Among all the dozens of stigmatists who have been declared saint or blessed, the stigmata of scourging appears to be the rarest of the stigmatic injuries.
St. Colette of Corbie (1381-1447) is principally remembered as one of the most important influences of the Poor Clares, as she established many new convents and reformed existing ones. But she also had a tremendous devotion to the passion of Christ, and would commonly go into ecstasies focused on it. During one such ecstasy, Colette’s “face swelled up as if it had been struck with many blows, seeming only to be of skin and bone. Her nose seemed all beaten out of shape. When she had ended her meditation, her face, as the sisters beheld her, resumed its former natural appearance. The swelling went away, and her nose took its old shape. It is plain S. Colette bore in her countenance the marks of the evil treatment our Lord received from the soldiers and his executioners.”
Anna Maria Gallo, who took the religious name of Sr. Mary Frances of the Five Wounds (1715-1791) when she became a Third Order Franciscan, was graced with the five main wounds of the stigmata.

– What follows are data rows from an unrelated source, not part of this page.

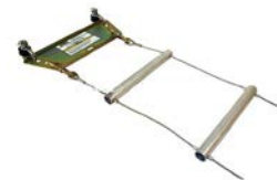
REL5220 Wire Rope Rescue Ladder, 20'

Wire Rope Ladder for Horizontal Lifeline rescue (#5200 bracket not included)
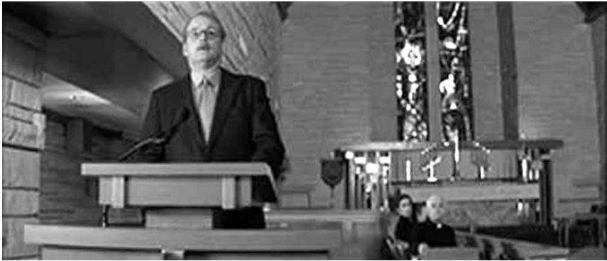
Blume's off-center framing mimics the placement of the family painting found at the beginning of Rushmore .

Max's repressed desires to claim and express their working-class inheritances that places such as Rushmore and Blume's factory dismiss. Music within the film functions much the same way as excess emotion operates within melodrama: "The undischarged emotion which cannot be accommodated within the [narrative] action . . . is traditionally expressed in the music and, in the case of film, in certain elements of the mise-en-scène . That is to say, music and mise-en-scène do not just heighten the emotionality of an element of the action: to some extent they substitute for it." 23 Because Rushmore Academy and Blume's factory psychically limit Max's and Blume's ability to express their working-class anger, these emotions are sublimated into the film's soundtrack.
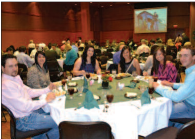
The college filled the Centennial Hall at the Honors Banquet!
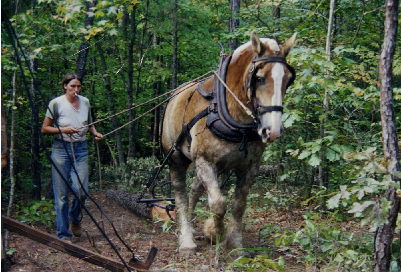
Woman in forest work in Alabama, USA 1998.
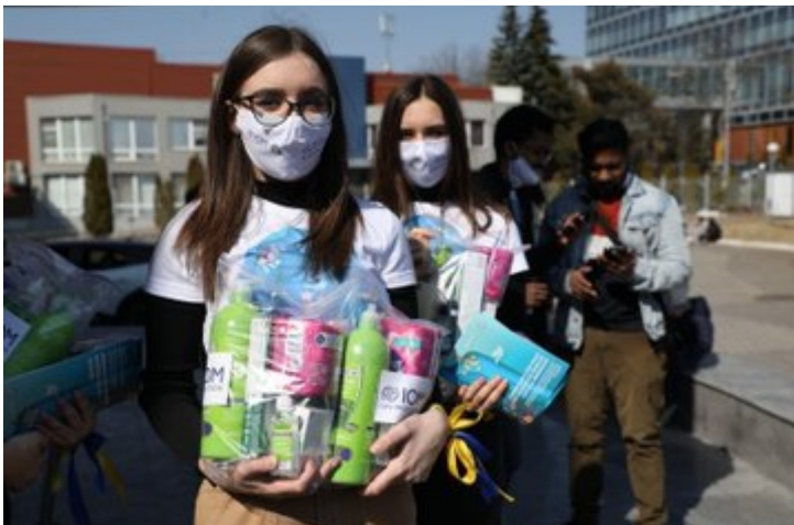
Medical students help distribute IOM hygiene kits at accommodation centres in Chisinau.

In Moldova , IOM is coordinating closely with a variety of stakeholders to facilitate the procurement and distribution of necessary non-food items (NFIs) to refugees and third country nationals. On 24 March, the mission distributed 500 hygiene kits to beneficiaries in five refugee accommodation centres (RAC) in Chisinau during awareness raising activities conducted to honour World Tuberculosis Day, in collaboration with the Medical University in Chisinau.
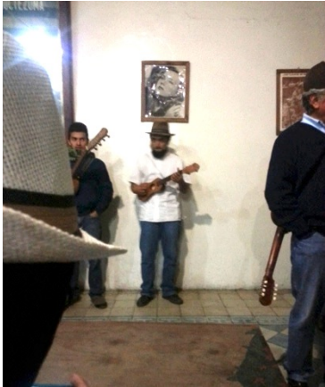
Fig. 11. Musicians around tarima . Coatepec, Veracruz's Estrella de Oro 150-year-old cantina.

The sequence of a Bay Area fandango might proceed as follows. While it may take place indoors or outdoors, in a home, studio or park, the center of the space is always the tarima (low wooden platform for one to several dancers.) Many of the attendees, who dance, sing and/or play instruments, stand in a loose circle around the tarima with their jaranas , requintos , quijadas , marimbolas , violins or harps. The leaders of the events, often known as maestra/os , stand together close to the tarima . Participants who choose not to play or dance, but rather to watch and convivir , may sit in chairs surrounding the musicians' circle, near the food and beverages. This circular arrangement recalls some Native American and African rituals.
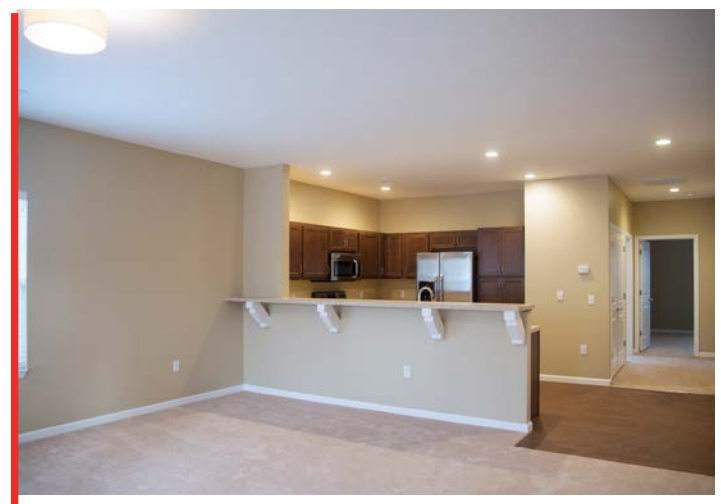
INTERIOR PHOTO OF LIVING ROOM AT TRADITIONS OF BEAVERCREEK

Exterior finishes include Hardie siding, and stone veneer column bases. Interior finishes include vinyl flooring, carpeting, and energy-efficient stainless steel appliances.

Before she received the stigmata, she mystically experienced the physical passion of Jesus on successive Fridays leading up to Good Friday. On the first Friday, she underwent the agony of Jesus in the garden and, on the following Friday, the suffering of scourging.

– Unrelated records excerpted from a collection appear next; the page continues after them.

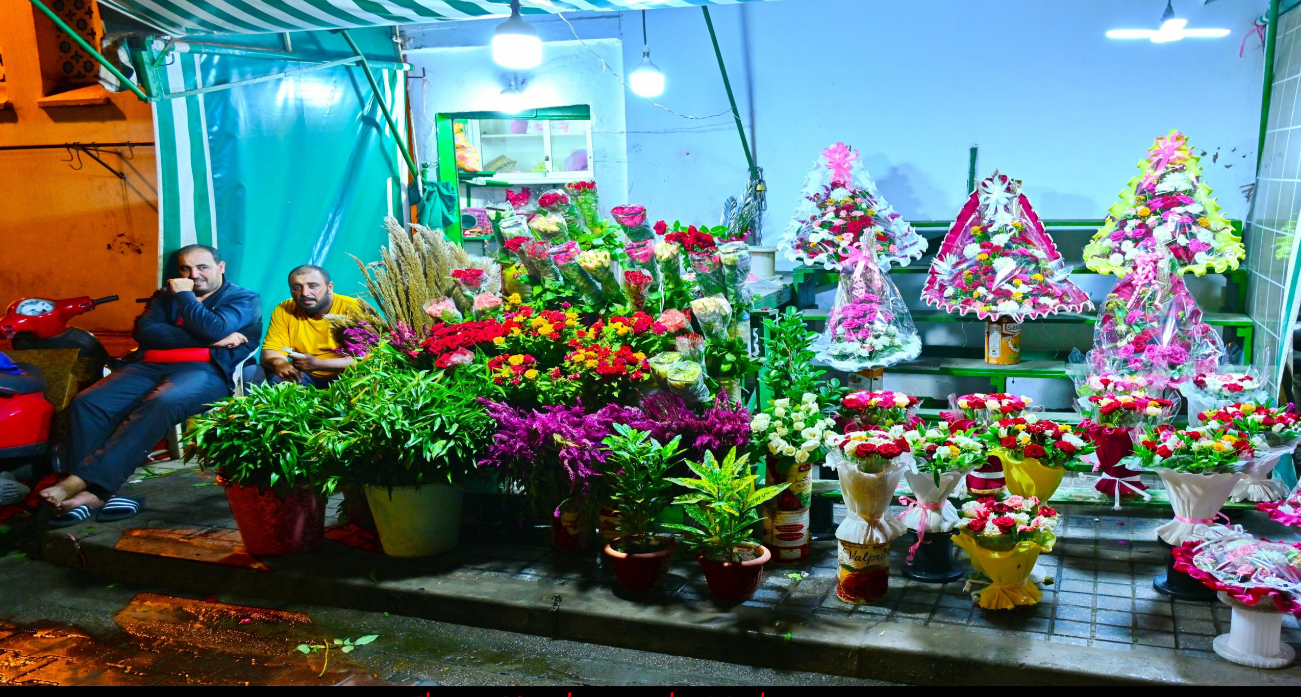
Flower Vendors in the Medina
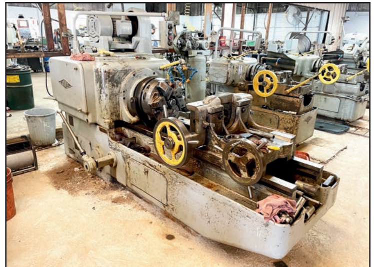
Landis Model 48C Pipe and Nipple Machine, S/N 48CNIP-06 w/6 holders, head, S/N 48T03, 30" bed, reamer tube and rod
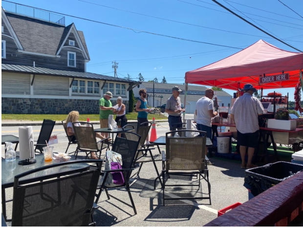
Winter Harbor “Hot dog stand” The owner of this restaurant experiencing labor shortage so he opened a lobster roll stand that he and his wife can manage on their own
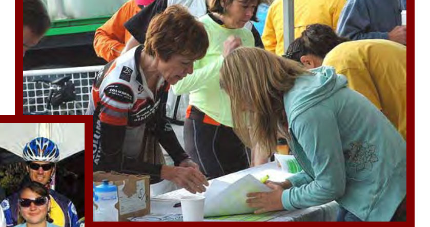
Above: Volunteers register riders for the 8<sup>th</sup> Annual Eagle River Ride.

The eighth annual River Ride took place on Saturday, July 25<sup>th</sup>. SOS had over 50 volunteers, many of whom were SOS students, volunteering with this year's event.
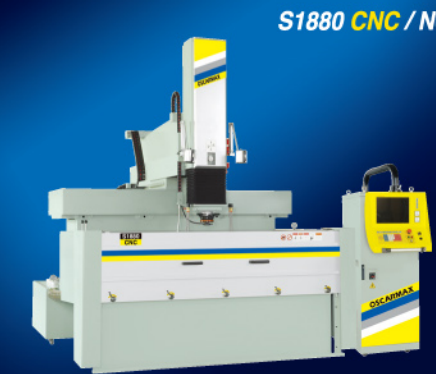
S1880 CNC / NC

Bl. Anne Catherine Emmerich (1774-1824) suffered a wide array of stigmatic wounds, including the five main wounds. Three years before her death, she also suffered the wounds of scourging. Her biographer, Clemens Brentano, who was an eyewitness to her stigmata, writes, “On Friday, the 30th of March, at ten o’clock in the morning, she sank down senseless. Her face and bosom were bathed in blood, and her body appeared covered with bruises like what the blows of a whip would have inflicted.”

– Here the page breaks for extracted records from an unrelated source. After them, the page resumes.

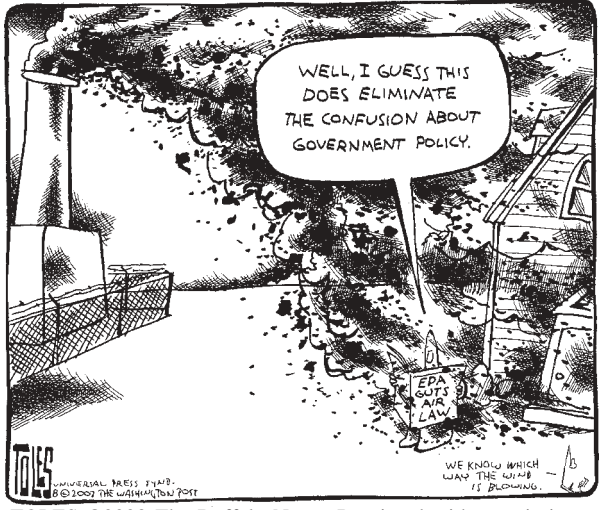
TOLES ©2003 The Buffalo News. Reprinted with permission of UNIVERSAL PRESS SYNDICATE. All rights reserved.

Not by accident. By design. In 2002, sensing a negative reaction to the Administration's environmental initiatives, Republican strategist Frank Luntz – an author of the famed "Contract With America," which, inter alia, targeted environmental laws for amendment and outright repeal – prepared a memorandum for the White House and majority leaders in Congress. Front
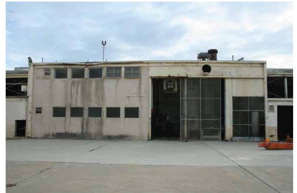
Building 230 - center Section of North Elevation, San Diego, California, October 2009.
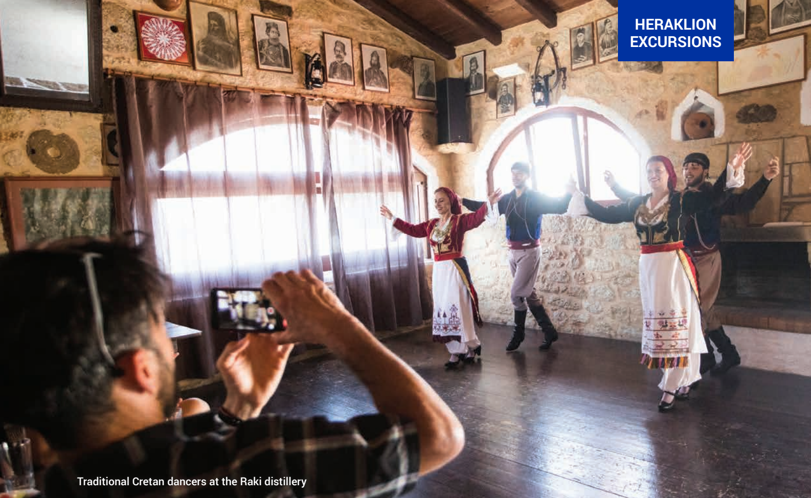
Traditional Cretan dancers at the Raki distillery
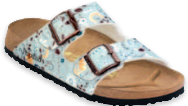
Arizona Flowerful blue
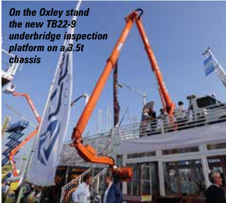
On the Oxley stand the new TB22-9 underbridge inspection platform on a 3.5t chassis

St. Gemma Galgani (1878-1903), who suffered the five main wounds, also experienced the wounds of scourging on at least four occasions during the Fridays of March 1901. These incidents were witnessed by others, and were progressively worse. The fourth Friday was the most dramatic. She had “wounds everywhere, that must have been nearly half an inch deep.” Nevertheless, some of her wounds vanished almost immediately afterward, and within three days, all her wounds had healed without a trace.